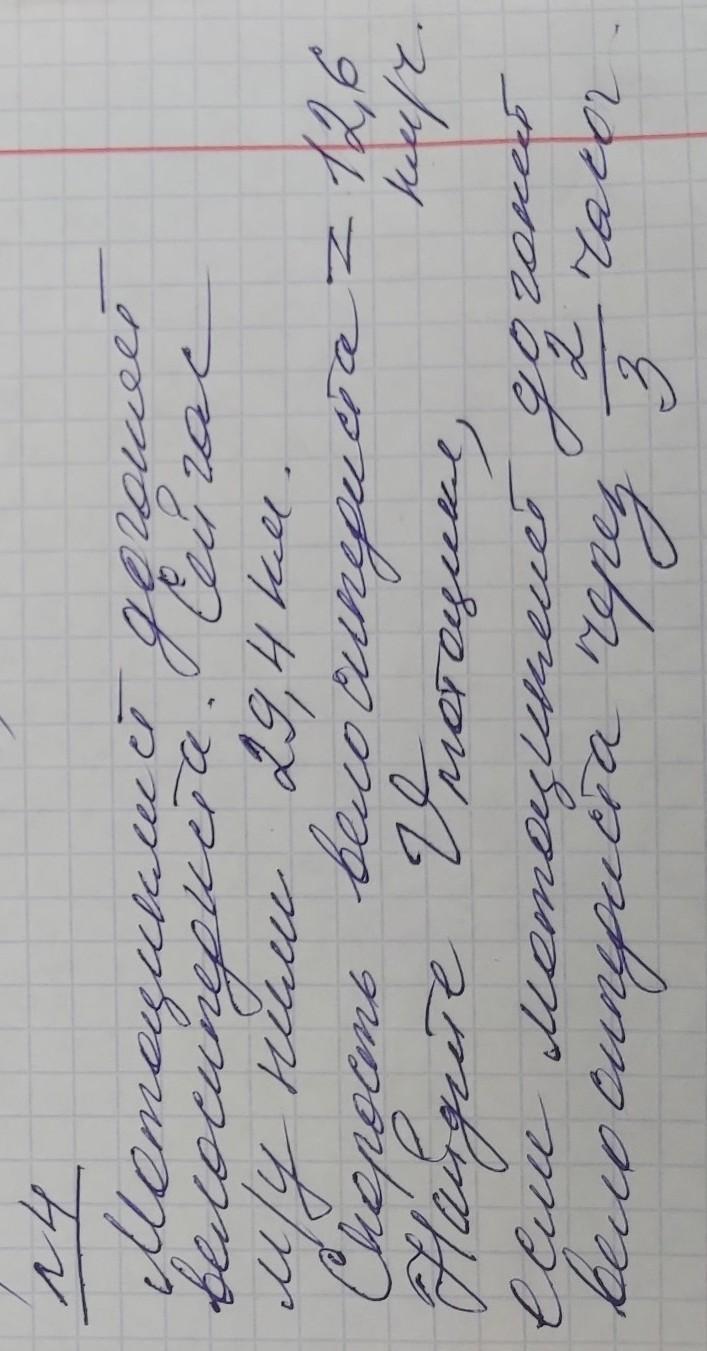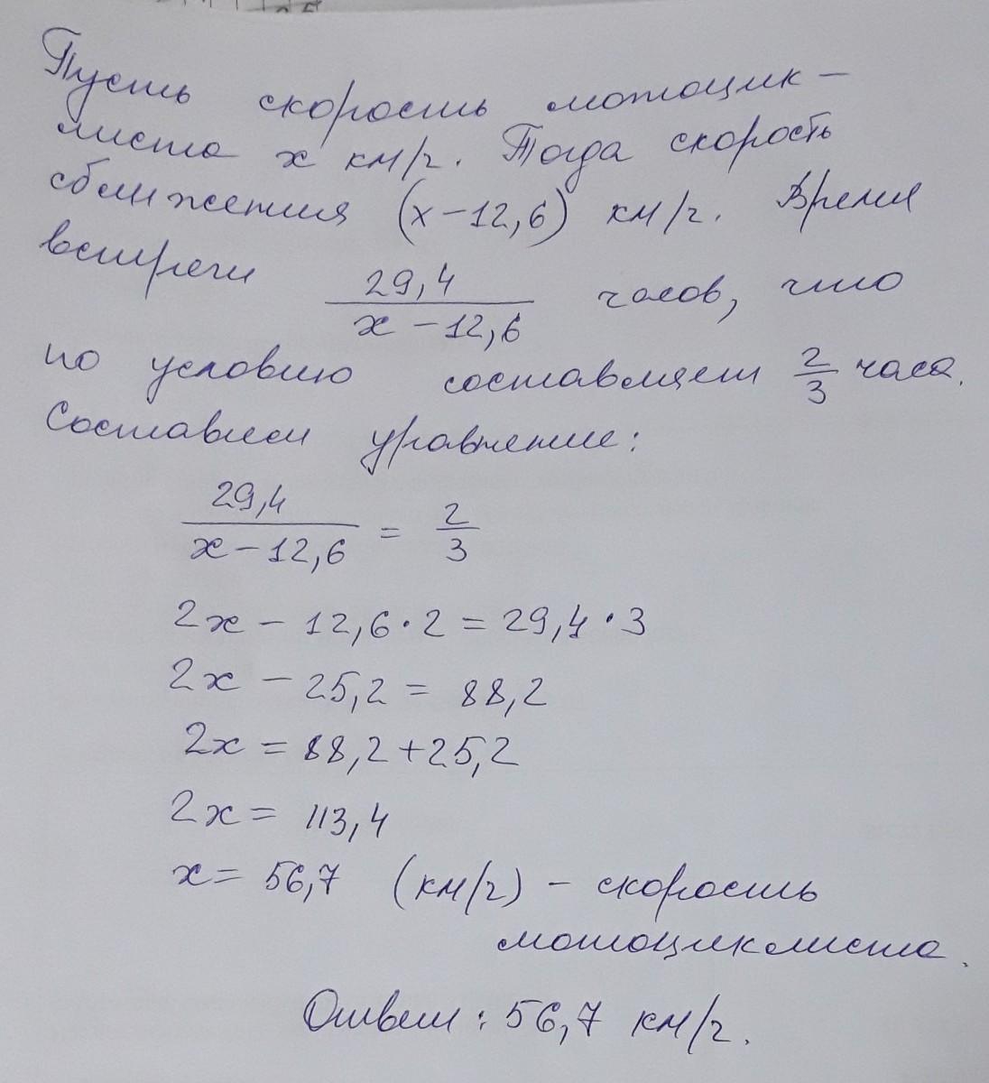 мотоциклист догоняет велосипедиста. сейчас между ними 29,4 км. скорость велосипедиста = 12,6 км.час. найдите скорость мотоциклиста, сели мотоциклист догнал велосипедиста через ⅔ часа
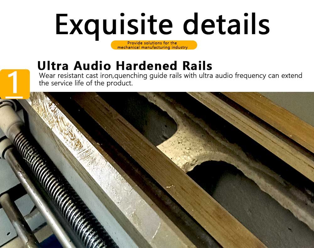 4. The lathe bed by integrally cast lathe bed structure, internal steel board layout is reasonable, has high rigidity, machine adopts the 250 casting iron, equipment with high frequency quenching, guide rail mill grinding process, stable machine tools with high precision, high rigidity, strong cutting.
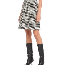 Chic in check, this bias cut stretchy skirt offers a figure-flattering silhouette. This skirt pairs perfectly with chunky cozy sweaters.
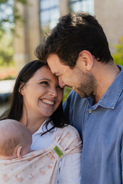 Patentovaná technologie spojuje to nejlepší z obou světů – jednoduchost používání a pohodlí našich dětských nosičů Boba a jemné držení nosičů Boba Wrap v jednom. Není třeba žádné vázání.
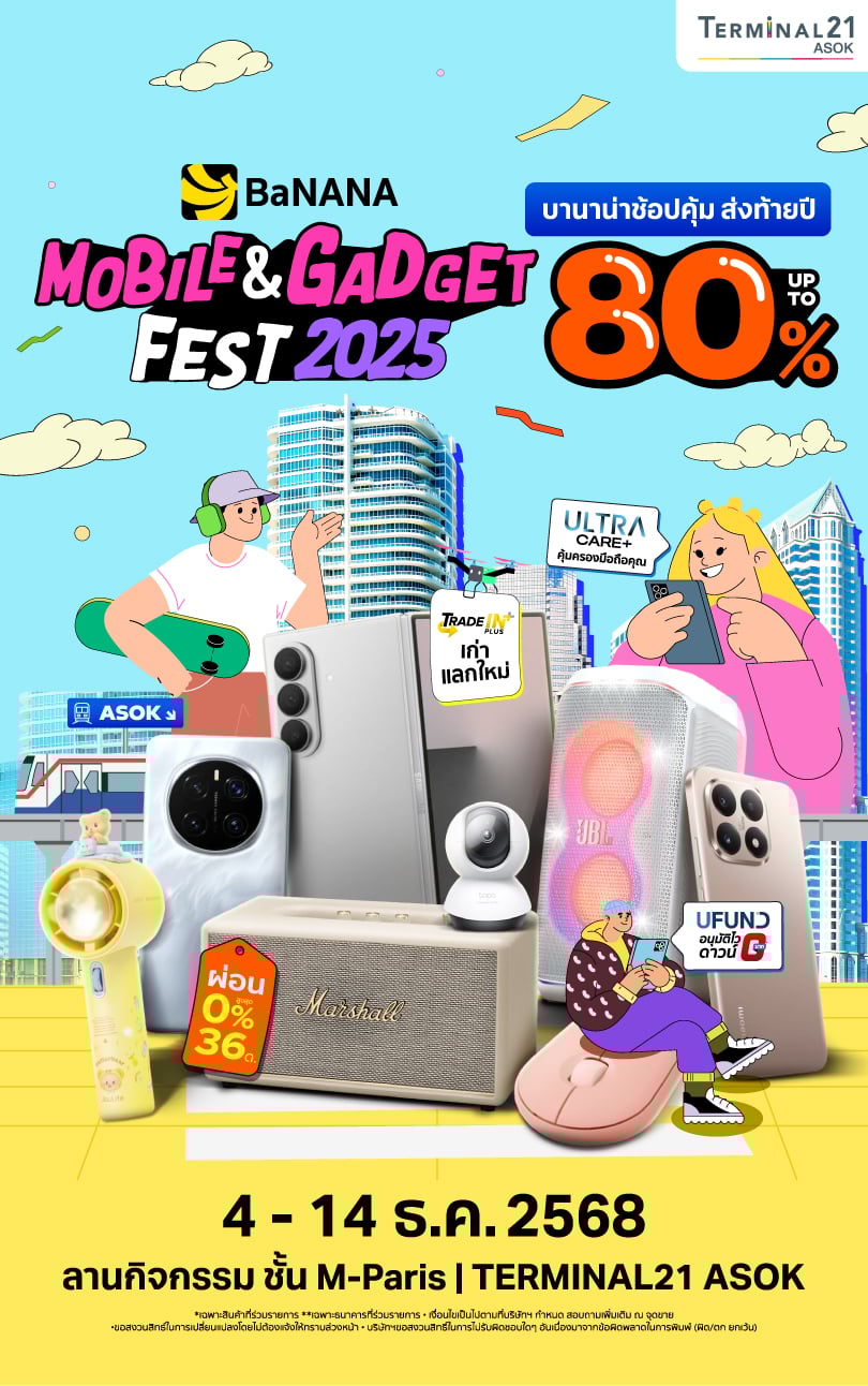📣 ช้อปคุ้มส่งท้ายปี! ที่งาน BaNANA Mobile & Gadget FEST 2025 ลดสูงสุด 80% @เทอร์มินอล 21 อโศก
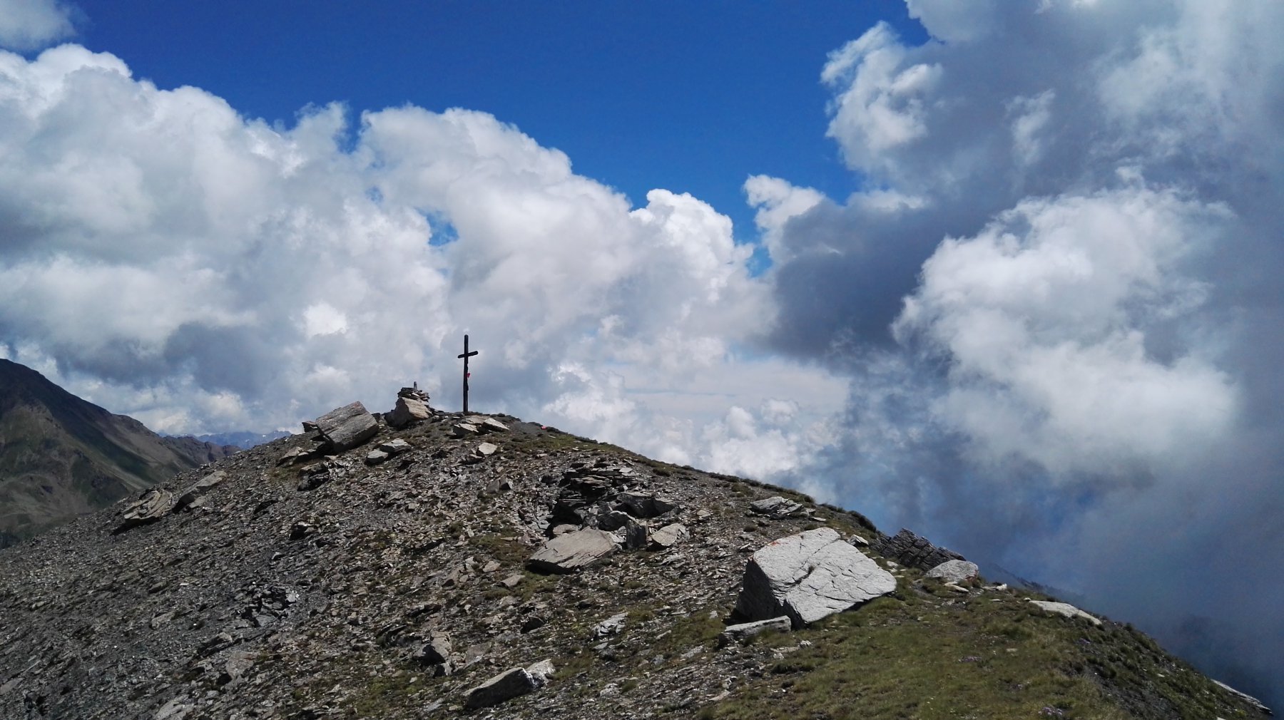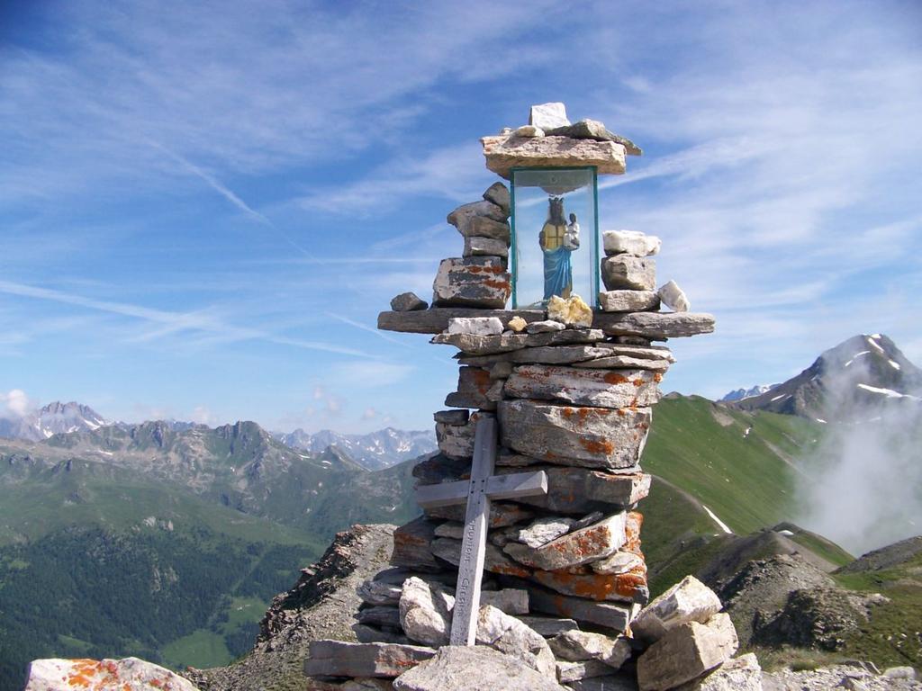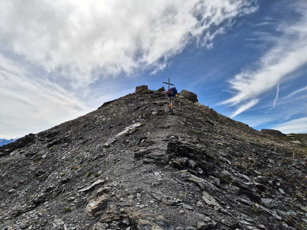 Poco sopra (palina) si sale verso la punta Oilletta (quota 2616) poi per cresta erboso-detritica (traccia) si compie un grande semicerchio con alcuni saliscendi e si giunge alla croce di vetta di cima Leysser (m 2771).
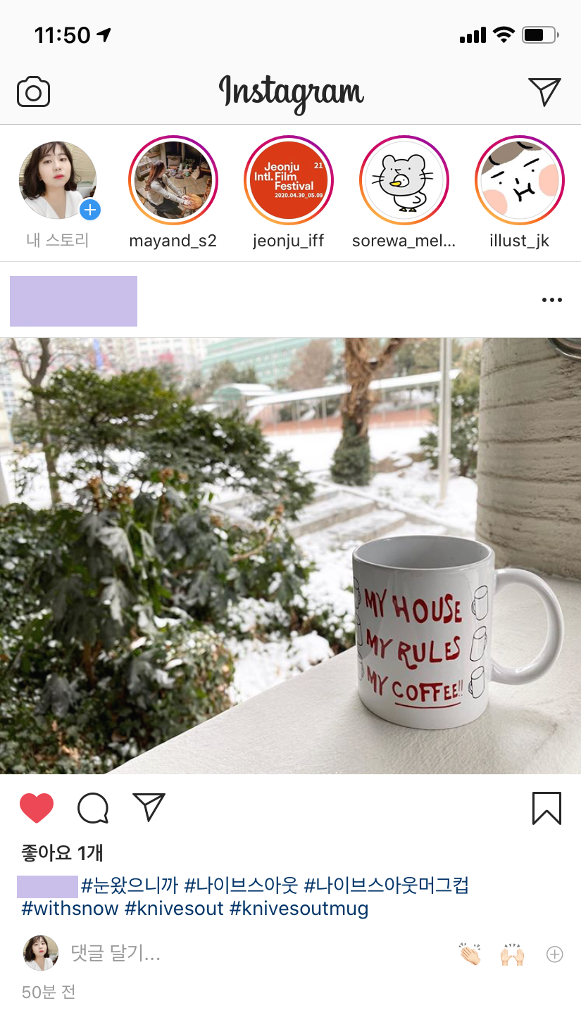 하긴 요즘 비공굿으로 가방이며 옷이며 못 만드는 게 없는데 머그컵이라고 못 만들겠어? 하나하나 누끼 따서 주문하느라 힘들었을 내님께 치얼스.... 그렇게 크리스마스 전 즈음 우리 품에 도착한 컵 두 개. 앞에는 'My House, My Rules, My Coffee!!', 뒤에는 아트 포스터에서 따온 영화 로고다. 공굿이 없으니 직접 비공굿을 직접 만드는 태도는 누가 봐도 내 짝이 분명하셔. 낄낄
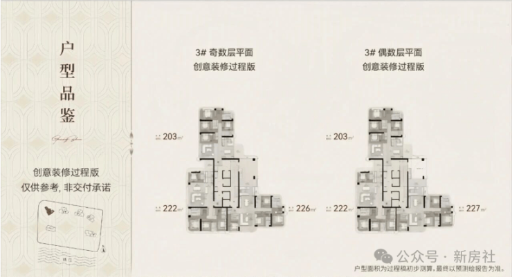226/227㎡户型特点: 4T3户,均有独立电梯及门厅互不扰; ·8*8.4m大方厅,宽敞大气; ·超款客厅落地景观面,客厅、阳台、众数套房可望 江望琶洲总部及广州塔,景观优势(无主阳台); ·有独立工人房但无赠送平台; ·主卧270°景观转角飘窗,800mm飘窗可打;
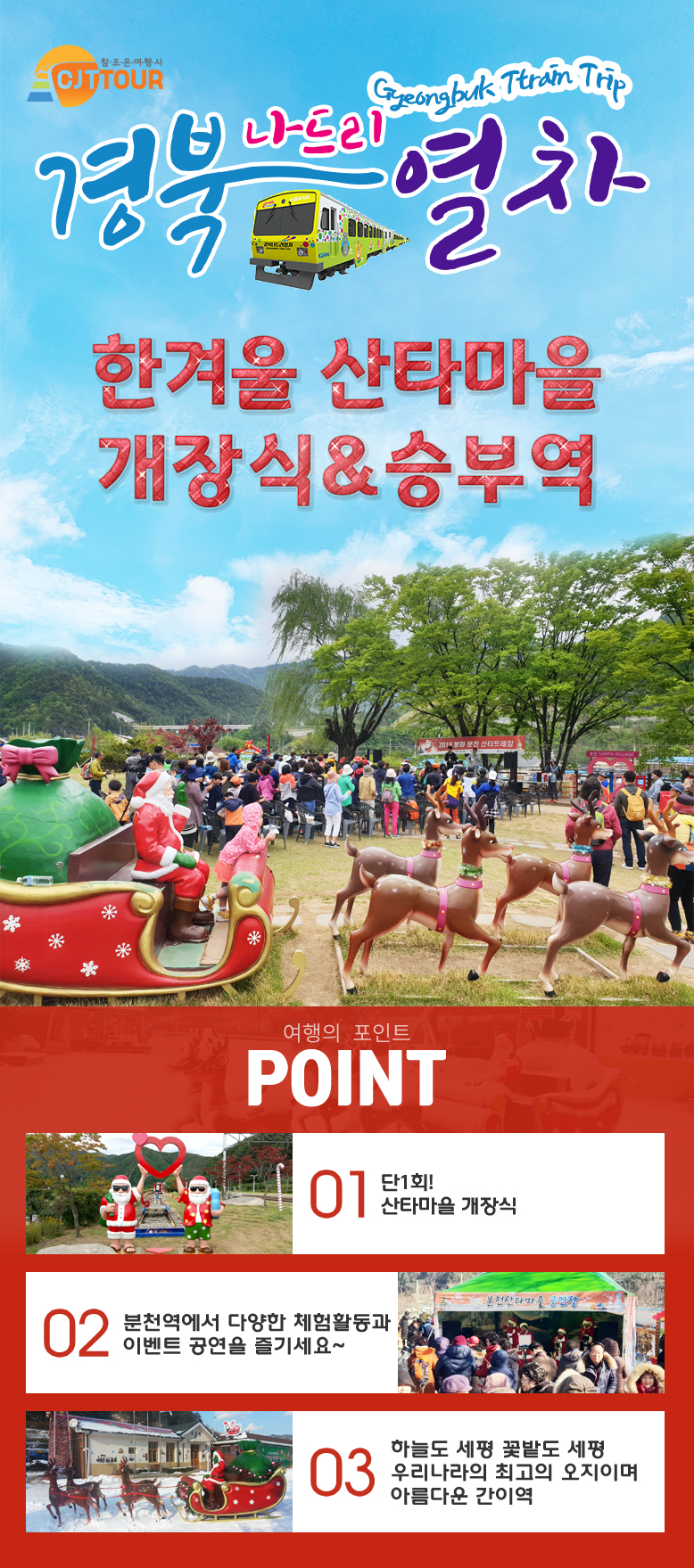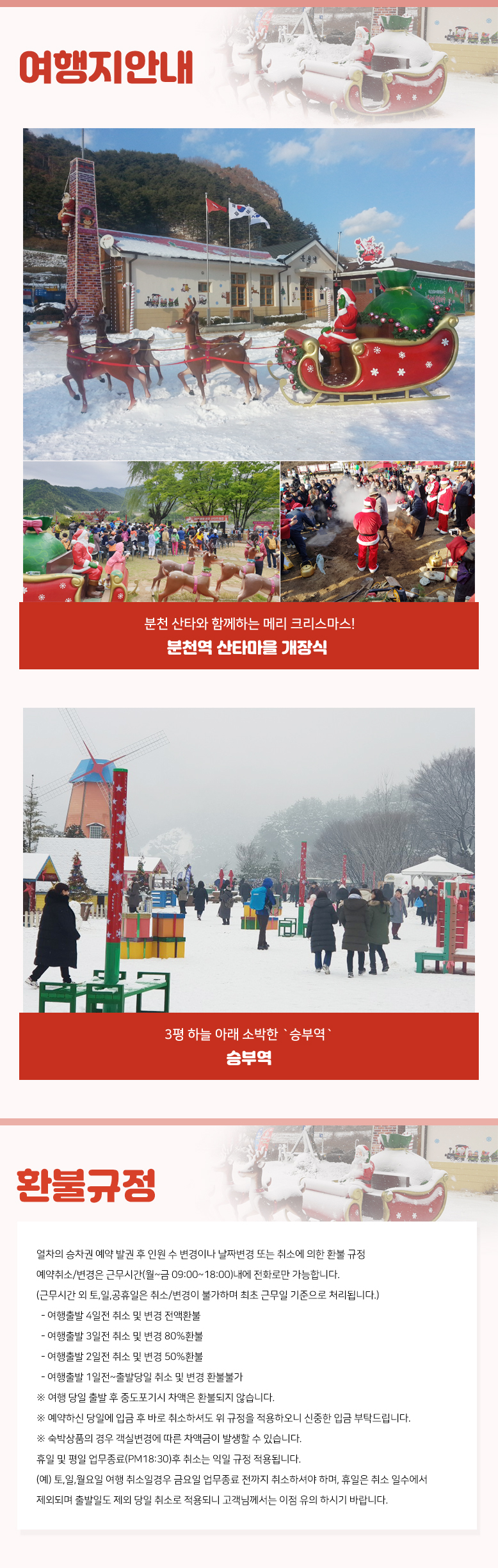 | 여행코스 | 분천역-중식지-산타마을 개장식 공연 관람-무궁화호로 즐기는 협곡구간 여행-승부역-분천산타마을-분천역 |
★ ★ ★
§ **Aim of the exercise**
In the records above, transcribe exactly the lines from the one containing "하긴 요즘 비공굿으로" through the last line, both included, and skip the pictures.

§ **Response to this task**
 하긴 요즘 비공굿으로 가방이며 옷이며 못 만드는 게 없는데 머그컵이라고 못 만들겠어? 하나하나 누끼 따서 주문하느라 힘들었을 내님께 치얼스.... 그렇게 크리스마스 전 즈음 우리 품에 도착한 컵 두 개. 앞에는 'My House, My Rules, My Coffee!!', 뒤에는 아트 포스터에서 따온 영화 로고다. 공굿이 없으니 직접 비공굿을 직접 만드는 태도는 누가 봐도 내 짝이 분명하셔. 낄낄
226/227㎡户型特点: 4T3户,均有独立电梯及门厅互不扰; ·8*8.4m大方厅,宽敞大气; ·超款客厅落地景观面,客厅、阳台、众数套房可望 江望琶洲总部及广州塔,景观优势(无主阳台); ·有独立工人房但无赠送平台; ·主卧270°景观转角飘窗,800mm飘窗可打;
 | 여행코스 | 분천역-중식지-산타마을 개장식 공연 관람-무궁화호로 즐기는 협곡구간 여행-승부역-분천산타마을-분천역 |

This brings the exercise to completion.